New members of the Ketchum-Sun Valley Transit Authority board are sworn in Wednesday, Jan. 18, at Ketchum City Hall. From the left are Ron Parsons, Ketchum City Councilman; Virginia Eggers, Sun Valley City Administrator; Peter Everett, regional and transportation planning consultant from Ketchum; and Joan Lamb, Sun Valley Planning & Zoning Commissioner. Parsons takes the place of Randy Hall, who was elected mayor of Ketchum in November. Everett replaces Maurice Charlat, who ran against Hall for mayor. Eggers and Lamb replace Sun Valley representatives Dick Andersen and John O'Connor. Bill Cassell stays on as KART board chairman. KART is run by a joint-powers agreement between the cities of Sun Valley and Ketchum. The cities' respective mayors appoint board members. Photo by David N. Seelig

With changing needs and shifting demographics, the Ketchum-Sun Valley Transit Authority is looking to expand its board of directors to better address valley residents' needs.

The Ketchum City Council on Tuesday, Jan. 17 unanimously approved a resolution supporting the creation of the regional transportation authority.

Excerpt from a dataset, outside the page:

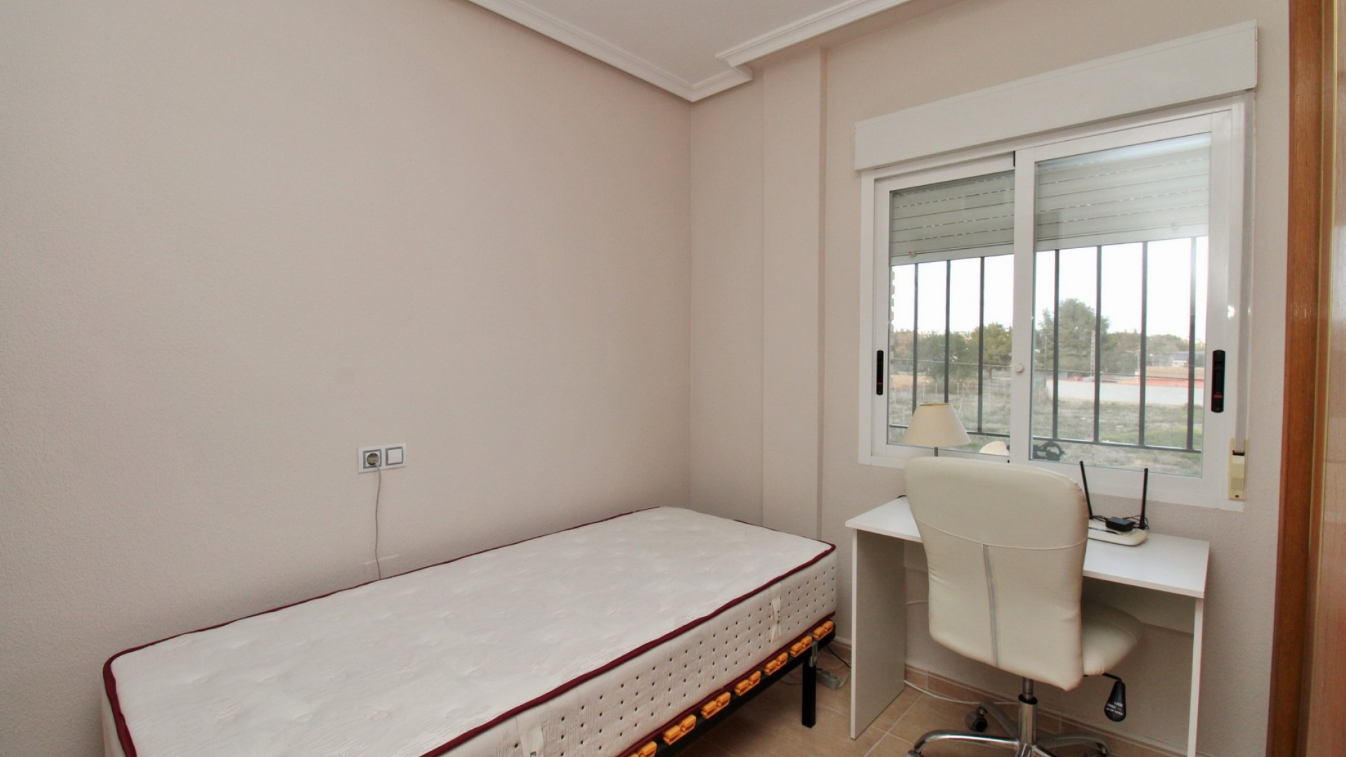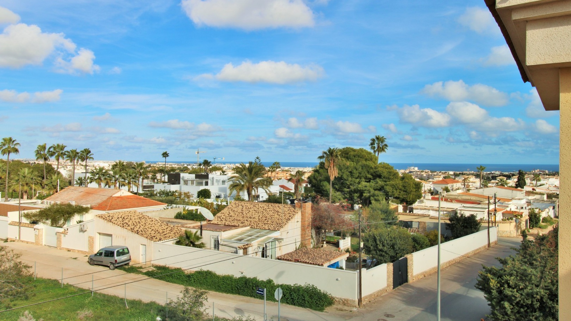 Spacieuse villa individuelle de trois chambres à vendre dans la communauté résidentielle de Las Ocas, Orihuela Costa. Idéalement située entre La Fuente et Lomas de Cabo Roig, elle se trouve à deux pas des célèbres parcours de golf de Campoamor et de Las Ramblas. La villa bénéficie d'un généreux terrain d'angle avec un jardin carrelé nécessitant peu d'entretien et un parking hors route. L'une des caractéristiques les plus remarquables est le grand solarium sur le toit, qui offre une vue imprenable sur la mer, tandis que les résidents ont également accès à une piscine commune à proximité. La villa est répartie sur deux étages. Au rez-de-chaussée, un porche fermé mène à un salon et une salle à manger lumineux et aérés, avec une cheminée. Il y a une cuisine séparée, une chambre à deux lits avec placards intégrés et une salle de bain moderne avec douche à l'italienne. À l'arrière, une buanderie et un espace de rangement offrent un confort supplémentaire. A l'étage, il y a deux autres chambres avec placards intégrés et une salle de bain familiale. La chambre principale est particulièrement spacieuse et bénéficie d'un balcon privé. Des escaliers intérieurs depuis le palier mènent au solarium sur le toit baigné de soleil, où vous pourrez admirer une vue panoramique sur les environs et la Méditerranée. La villa est vendue partiellement meublée. Cette maison est idéalement située entre les centres commerciaux animés de La Fuente et Lomas de Cabo Roig, offrant une fantastique sélection de boutiques, bars, restaurants et supermarchés, dont Mercadona, ALDI et Iceland. Un arrêt de bus se trouve à proximité, tandis que les superbes plages de Campoamor et Aguamarina, le centre commercial Zenia Boulevard et trois terrains de golf de championnat - Las Ramblas, Campoamor et Villamartín - sont tous à quelques minutes en voiture.

The city of Sun Valley has also authorized the expansion.

The amended operating agreement would include as part of KART Blaine County and all five cities in the county.

The agreement could pave the way to incorporate PEAK and Wood River Ride Share into the regional transit agency.

Transit consultant Amy Ostrander, whose services are paid for by a grant from Idaho Transportation Department, discussed with the KART board Wednesday, Jan. 18, how to reorganize the body.

"I need to hear what you want," she said. "This is your project."

Federal grants are available to enhance service, Ostrander said, but certain limitations apply.

Public-private partnerships, perhaps with Sun Valley Co., are possible, but bus service must be open to the general public if federal grant money is used, she said.

Likewise, routes and schedules can accommodate schools, but the general public must have equal access.

Having skiers, school children and commuters all on the same bus could pose problems, both with attracting riders and creating a service to fit particular needs, said one board member.

"I don't think we've done a very good job marking mass transit," said Peter Everett. "We may attract one market but we may alienate another market. We have to in part market on status."

Ostrander will come back to the KART board in March with a report on management strategies, identification of possible partnerships, ridership projections and funding sources.

The next phase of her work will include public hearings, marketing plans and a capital improvement plan for buses, shelters and other related amenities.